## EXERCISE PROMPT
Every line from the one containing "One of Stalin’s" to the end of the data below should be copied exactly, but pictures should not.

═══

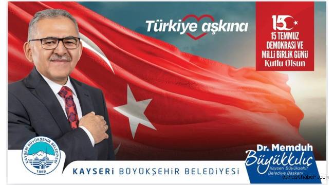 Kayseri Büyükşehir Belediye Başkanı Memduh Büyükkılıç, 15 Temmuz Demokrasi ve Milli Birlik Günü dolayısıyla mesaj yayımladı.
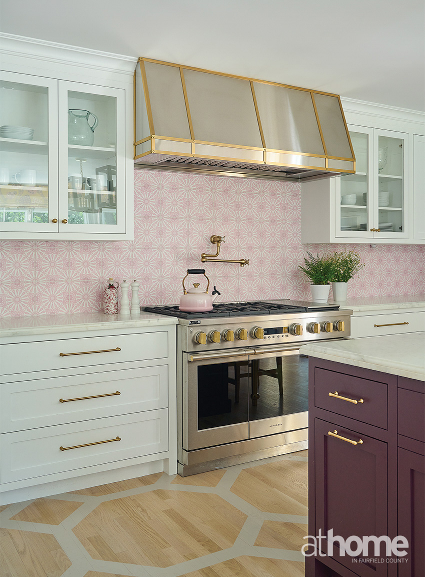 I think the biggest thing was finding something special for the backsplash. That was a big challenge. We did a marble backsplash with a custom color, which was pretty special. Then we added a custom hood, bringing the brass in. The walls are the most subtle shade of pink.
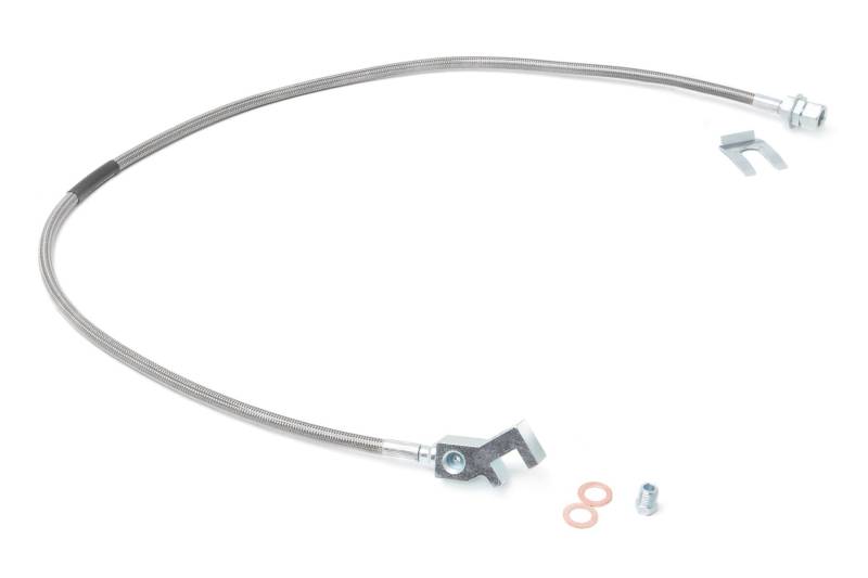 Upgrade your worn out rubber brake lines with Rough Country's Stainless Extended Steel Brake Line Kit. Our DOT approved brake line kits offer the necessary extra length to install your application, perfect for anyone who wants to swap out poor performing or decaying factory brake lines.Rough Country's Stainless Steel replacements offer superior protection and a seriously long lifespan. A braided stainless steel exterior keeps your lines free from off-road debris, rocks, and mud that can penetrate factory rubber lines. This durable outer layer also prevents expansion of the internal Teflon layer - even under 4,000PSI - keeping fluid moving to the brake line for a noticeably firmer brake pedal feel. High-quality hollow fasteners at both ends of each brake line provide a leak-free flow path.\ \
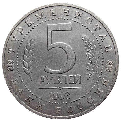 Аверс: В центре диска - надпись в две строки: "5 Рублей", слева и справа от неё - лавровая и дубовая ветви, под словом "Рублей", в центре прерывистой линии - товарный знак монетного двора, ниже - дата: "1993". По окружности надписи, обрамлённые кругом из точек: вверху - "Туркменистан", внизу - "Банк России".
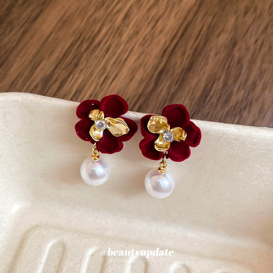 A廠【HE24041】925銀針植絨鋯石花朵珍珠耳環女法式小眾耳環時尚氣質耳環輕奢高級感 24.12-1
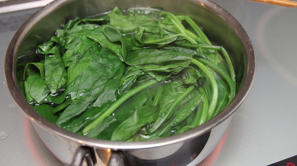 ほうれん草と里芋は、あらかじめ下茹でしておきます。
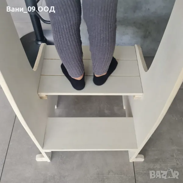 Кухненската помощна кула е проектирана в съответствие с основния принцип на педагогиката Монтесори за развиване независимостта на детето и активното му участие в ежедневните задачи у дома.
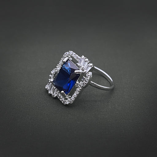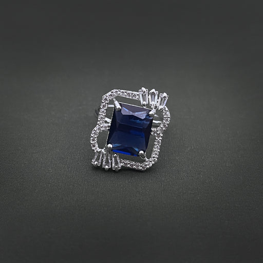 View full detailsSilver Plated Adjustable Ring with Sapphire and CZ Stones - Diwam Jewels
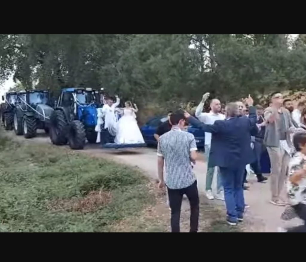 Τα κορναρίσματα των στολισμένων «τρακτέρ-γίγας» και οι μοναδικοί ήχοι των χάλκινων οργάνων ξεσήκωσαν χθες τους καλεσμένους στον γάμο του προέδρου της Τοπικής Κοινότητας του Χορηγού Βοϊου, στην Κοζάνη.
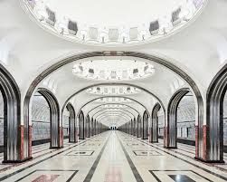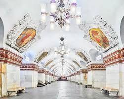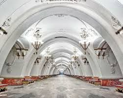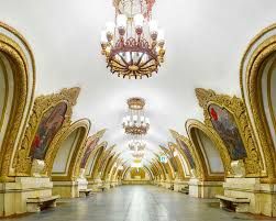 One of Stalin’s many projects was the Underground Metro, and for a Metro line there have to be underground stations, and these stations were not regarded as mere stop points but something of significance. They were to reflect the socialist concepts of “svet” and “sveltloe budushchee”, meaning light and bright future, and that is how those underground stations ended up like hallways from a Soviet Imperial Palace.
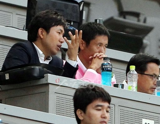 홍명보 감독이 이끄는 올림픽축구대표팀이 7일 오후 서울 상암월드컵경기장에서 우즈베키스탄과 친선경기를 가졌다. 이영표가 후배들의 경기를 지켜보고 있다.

═══

## THE ANSWER
 One of Stalin’s many projects was the Underground Metro, and for a Metro line there have to be underground stations, and these stations were not regarded as mere stop points but something of significance. They were to reflect the socialist concepts of “svet” and “sveltloe budushchee”, meaning light and bright future, and that is how those underground stations ended up like hallways from a Soviet Imperial Palace.
 홍명보 감독이 이끄는 올림픽축구대표팀이 7일 오후 서울 상암월드컵경기장에서 우즈베키스탄과 친선경기를 가졌다. 이영표가 후배들의 경기를 지켜보고 있다.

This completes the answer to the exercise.